Title insurance companies handling transactions occurring in the six geographic regions covered by the latest GTOs, and their employees and agents, must be familiar with the obligations imposed by these latest GTOs. Title insurance companies should have training programs in place so that they are prepared to address these ongoing compliance obligations. Companies that fail to comply with the reporting and record-keeping requirements of these GTOs, and their employees, may face civil or criminal penalties.

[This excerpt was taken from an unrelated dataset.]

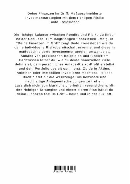 Die richtige Balance zwischen Rendite und Risiko zu finden ist der Schlüssel zum langfristigen finanziellen Erfolg. In "Deine Finanzen im Griff" zeigt Bodo Freiesleben, wie du deine individuelle Risikobereitschaft erkennst und diese in maßgeschneiderte Investmentstrategien umwandelst. Anhand von praxisnahen Beispielen und fundiertem Fachwissen lernst du, wie du deine finanziellen Ziele definierst, dein persönliches Anlage-Risiko-Profil erstellst und dein Portfolio gezielt optimierst. Ob du in Aktien, Anleihen oder Immobilien investieren möchtest - dieses Buch bietet dir die Werkzeuge, um bewusste und nachhaltige Anlageentscheidungen zu treffen. Lass dich nicht von Marktunsicherheiten verunsichern. Mit den richtigen Strategien und einem klaren Plan hältst du deine Finanzen fest im Griff - heute und in der Zukunft.

It will be interesting to see whether FinCEN will make permanent the temporary measures imposed by these GTOs through regulations. With a new administration in place committed to rolling back regulations, it is entirely possible that the GTOs may eventually expire without further regulatory action. On the other hand, the GTOs appear to have produced valuable information for law enforcement, and that result may prompt FinCEN to implement these anti-money laundering measures on a permanent basis.

[1] The New York thresholds are as follows: the Borough of Manhattan – $3,000,000; the Borough of Brooklyn – $1,500,000; the Borough of Queens – $1,500,000; the Borough of Bronx – $1,500,000; and the Borough of Staten Island – $1,500,000. The Florida thresholds are as follows: Miami-Dade County – $1,000,000; Broward County – $1,000,000; Palm Beach County – $1,000,000. The California thresholds are as follows: San Diego County – $2,000,000; Los Angeles County – $2,000,000; San Francisco County – $2,000,000; San Mateo County – $2,000,000; Santa Clara County – $2,000,000. The Texas threshold is as follows: Bexar County – $500,000.